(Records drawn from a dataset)
□ □ □ □ □ □ □

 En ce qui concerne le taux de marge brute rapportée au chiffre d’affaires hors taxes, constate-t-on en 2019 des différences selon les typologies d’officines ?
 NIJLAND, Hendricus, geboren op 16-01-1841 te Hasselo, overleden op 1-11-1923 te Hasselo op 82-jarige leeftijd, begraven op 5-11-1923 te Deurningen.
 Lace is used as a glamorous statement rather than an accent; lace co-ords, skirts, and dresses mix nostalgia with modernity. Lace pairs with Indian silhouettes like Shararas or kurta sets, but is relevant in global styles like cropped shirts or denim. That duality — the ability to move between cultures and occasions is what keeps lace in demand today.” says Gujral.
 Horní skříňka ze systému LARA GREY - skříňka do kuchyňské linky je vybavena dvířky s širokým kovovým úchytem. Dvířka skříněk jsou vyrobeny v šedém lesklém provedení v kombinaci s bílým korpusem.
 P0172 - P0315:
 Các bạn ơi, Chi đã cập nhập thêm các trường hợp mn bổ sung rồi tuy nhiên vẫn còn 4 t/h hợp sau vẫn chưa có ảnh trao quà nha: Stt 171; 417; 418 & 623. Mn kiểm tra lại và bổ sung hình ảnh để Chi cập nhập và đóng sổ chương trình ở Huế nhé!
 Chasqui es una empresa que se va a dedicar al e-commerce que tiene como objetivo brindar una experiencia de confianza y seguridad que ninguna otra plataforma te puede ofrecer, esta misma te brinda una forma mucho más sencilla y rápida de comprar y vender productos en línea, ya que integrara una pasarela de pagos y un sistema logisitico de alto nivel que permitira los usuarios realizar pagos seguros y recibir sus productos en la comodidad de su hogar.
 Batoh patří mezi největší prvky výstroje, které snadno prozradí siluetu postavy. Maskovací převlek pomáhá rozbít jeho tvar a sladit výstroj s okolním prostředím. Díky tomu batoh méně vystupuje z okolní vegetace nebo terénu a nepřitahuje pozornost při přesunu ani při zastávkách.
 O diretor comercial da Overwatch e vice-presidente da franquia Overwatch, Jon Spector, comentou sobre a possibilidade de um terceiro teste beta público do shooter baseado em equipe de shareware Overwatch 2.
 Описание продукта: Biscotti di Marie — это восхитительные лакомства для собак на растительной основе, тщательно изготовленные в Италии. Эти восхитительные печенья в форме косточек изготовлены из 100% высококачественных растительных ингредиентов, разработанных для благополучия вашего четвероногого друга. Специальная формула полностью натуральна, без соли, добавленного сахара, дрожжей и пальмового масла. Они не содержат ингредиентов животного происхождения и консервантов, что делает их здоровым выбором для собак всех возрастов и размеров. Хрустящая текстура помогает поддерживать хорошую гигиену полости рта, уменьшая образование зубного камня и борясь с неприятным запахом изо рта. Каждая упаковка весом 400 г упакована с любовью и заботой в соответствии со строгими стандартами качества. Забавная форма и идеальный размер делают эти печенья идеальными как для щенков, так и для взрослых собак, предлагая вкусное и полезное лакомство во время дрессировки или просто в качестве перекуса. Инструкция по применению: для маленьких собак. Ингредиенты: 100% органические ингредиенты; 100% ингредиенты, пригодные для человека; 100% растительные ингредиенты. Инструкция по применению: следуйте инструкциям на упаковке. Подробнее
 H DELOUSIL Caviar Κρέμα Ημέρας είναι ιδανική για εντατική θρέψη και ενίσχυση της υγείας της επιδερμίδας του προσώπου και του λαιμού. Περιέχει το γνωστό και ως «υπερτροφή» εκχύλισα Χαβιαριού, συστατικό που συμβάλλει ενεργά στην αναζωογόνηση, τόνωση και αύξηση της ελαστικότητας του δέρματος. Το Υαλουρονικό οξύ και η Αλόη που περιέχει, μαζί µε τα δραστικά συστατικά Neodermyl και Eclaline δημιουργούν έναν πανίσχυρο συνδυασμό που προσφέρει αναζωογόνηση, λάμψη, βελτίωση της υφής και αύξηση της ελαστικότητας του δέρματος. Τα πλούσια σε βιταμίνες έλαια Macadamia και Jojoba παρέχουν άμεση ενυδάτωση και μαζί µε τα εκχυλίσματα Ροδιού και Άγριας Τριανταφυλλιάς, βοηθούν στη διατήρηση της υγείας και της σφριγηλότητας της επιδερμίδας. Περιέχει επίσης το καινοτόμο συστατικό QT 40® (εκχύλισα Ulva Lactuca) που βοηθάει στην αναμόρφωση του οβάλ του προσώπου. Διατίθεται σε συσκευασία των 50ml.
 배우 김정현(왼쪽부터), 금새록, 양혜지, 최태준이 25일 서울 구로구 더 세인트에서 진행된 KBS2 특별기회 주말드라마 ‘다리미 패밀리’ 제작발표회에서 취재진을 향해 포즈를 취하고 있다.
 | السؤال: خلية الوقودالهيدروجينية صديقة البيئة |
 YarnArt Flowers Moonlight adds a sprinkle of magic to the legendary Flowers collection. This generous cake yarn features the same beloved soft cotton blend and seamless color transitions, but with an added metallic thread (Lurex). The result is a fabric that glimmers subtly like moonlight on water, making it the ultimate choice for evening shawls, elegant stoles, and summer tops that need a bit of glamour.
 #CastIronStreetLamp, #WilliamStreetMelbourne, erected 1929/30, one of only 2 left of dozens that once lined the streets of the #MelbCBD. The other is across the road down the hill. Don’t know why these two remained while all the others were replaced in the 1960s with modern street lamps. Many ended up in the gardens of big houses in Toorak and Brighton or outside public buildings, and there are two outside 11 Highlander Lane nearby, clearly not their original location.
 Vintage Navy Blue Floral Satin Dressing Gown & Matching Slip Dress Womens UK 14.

□ □ □ □ □ □ □

◆ YOUR GOAL ◆
Nothing in the data may differ; print all of it exactly as written.

◆ SOLUTION FOR THIS TASK ◆
 En ce qui concerne le taux de marge brute rapportée au chiffre d’affaires hors taxes, constate-t-on en 2019 des différences selon les typologies d’officines ?
 NIJLAND, Hendricus, geboren op 16-01-1841 te Hasselo, overleden op 1-11-1923 te Hasselo op 82-jarige leeftijd, begraven op 5-11-1923 te Deurningen.
 Lace is used as a glamorous statement rather than an accent; lace co-ords, skirts, and dresses mix nostalgia with modernity. Lace pairs with Indian silhouettes like Shararas or kurta sets, but is relevant in global styles like cropped shirts or denim. That duality — the ability to move between cultures and occasions is what keeps lace in demand today.” says Gujral.
 Horní skříňka ze systému LARA GREY - skříňka do kuchyňské linky je vybavena dvířky s širokým kovovým úchytem. Dvířka skříněk jsou vyrobeny v šedém lesklém provedení v kombinaci s bílým korpusem.
 P0172 - P0315:
 Các bạn ơi, Chi đã cập nhập thêm các trường hợp mn bổ sung rồi tuy nhiên vẫn còn 4 t/h hợp sau vẫn chưa có ảnh trao quà nha: Stt 171; 417; 418 & 623. Mn kiểm tra lại và bổ sung hình ảnh để Chi cập nhập và đóng sổ chương trình ở Huế nhé!
 Chasqui es una empresa que se va a dedicar al e-commerce que tiene como objetivo brindar una experiencia de confianza y seguridad que ninguna otra plataforma te puede ofrecer, esta misma te brinda una forma mucho más sencilla y rápida de comprar y vender productos en línea, ya que integrara una pasarela de pagos y un sistema logisitico de alto nivel que permitira los usuarios realizar pagos seguros y recibir sus productos en la comodidad de su hogar.
 Batoh patří mezi největší prvky výstroje, které snadno prozradí siluetu postavy. Maskovací převlek pomáhá rozbít jeho tvar a sladit výstroj s okolním prostředím. Díky tomu batoh méně vystupuje z okolní vegetace nebo terénu a nepřitahuje pozornost při přesunu ani při zastávkách.
 O diretor comercial da Overwatch e vice-presidente da franquia Overwatch, Jon Spector, comentou sobre a possibilidade de um terceiro teste beta público do shooter baseado em equipe de shareware Overwatch 2.
 Описание продукта: Biscotti di Marie — это восхитительные лакомства для собак на растительной основе, тщательно изготовленные в Италии. Эти восхитительные печенья в форме косточек изготовлены из 100% высококачественных растительных ингредиентов, разработанных для благополучия вашего четвероногого друга. Специальная формула полностью натуральна, без соли, добавленного сахара, дрожжей и пальмового масла. Они не содержат ингредиентов животного происхождения и консервантов, что делает их здоровым выбором для собак всех возрастов и размеров. Хрустящая текстура помогает поддерживать хорошую гигиену полости рта, уменьшая образование зубного камня и борясь с неприятным запахом изо рта. Каждая упаковка весом 400 г упакована с любовью и заботой в соответствии со строгими стандартами качества. Забавная форма и идеальный размер делают эти печенья идеальными как для щенков, так и для взрослых собак, предлагая вкусное и полезное лакомство во время дрессировки или просто в качестве перекуса. Инструкция по применению: для маленьких собак. Ингредиенты: 100% органические ингредиенты; 100% ингредиенты, пригодные для человека; 100% растительные ингредиенты. Инструкция по применению: следуйте инструкциям на упаковке. Подробнее
 H DELOUSIL Caviar Κρέμα Ημέρας είναι ιδανική για εντατική θρέψη και ενίσχυση της υγείας της επιδερμίδας του προσώπου και του λαιμού. Περιέχει το γνωστό και ως «υπερτροφή» εκχύλισα Χαβιαριού, συστατικό που συμβάλλει ενεργά στην αναζωογόνηση, τόνωση και αύξηση της ελαστικότητας του δέρματος. Το Υαλουρονικό οξύ και η Αλόη που περιέχει, μαζί µε τα δραστικά συστατικά Neodermyl και Eclaline δημιουργούν έναν πανίσχυρο συνδυασμό που προσφέρει αναζωογόνηση, λάμψη, βελτίωση της υφής και αύξηση της ελαστικότητας του δέρματος. Τα πλούσια σε βιταμίνες έλαια Macadamia και Jojoba παρέχουν άμεση ενυδάτωση και μαζί µε τα εκχυλίσματα Ροδιού και Άγριας Τριανταφυλλιάς, βοηθούν στη διατήρηση της υγείας και της σφριγηλότητας της επιδερμίδας. Περιέχει επίσης το καινοτόμο συστατικό QT 40® (εκχύλισα Ulva Lactuca) που βοηθάει στην αναμόρφωση του οβάλ του προσώπου. Διατίθεται σε συσκευασία των 50ml.
 배우 김정현(왼쪽부터), 금새록, 양혜지, 최태준이 25일 서울 구로구 더 세인트에서 진행된 KBS2 특별기회 주말드라마 ‘다리미 패밀리’ 제작발표회에서 취재진을 향해 포즈를 취하고 있다.
 | السؤال: خلية الوقودالهيدروجينية صديقة البيئة |
 YarnArt Flowers Moonlight adds a sprinkle of magic to the legendary Flowers collection. This generous cake yarn features the same beloved soft cotton blend and seamless color transitions, but with an added metallic thread (Lurex). The result is a fabric that glimmers subtly like moonlight on water, making it the ultimate choice for evening shawls, elegant stoles, and summer tops that need a bit of glamour.
 #CastIronStreetLamp, #WilliamStreetMelbourne, erected 1929/30, one of only 2 left of dozens that once lined the streets of the #MelbCBD. The other is across the road down the hill. Don’t know why these two remained while all the others were replaced in the 1960s with modern street lamps. Many ended up in the gardens of big houses in Toorak and Brighton or outside public buildings, and there are two outside 11 Highlander Lane nearby, clearly not their original location.
 Vintage Navy Blue Floral Satin Dressing Gown & Matching Slip Dress Womens UK 14.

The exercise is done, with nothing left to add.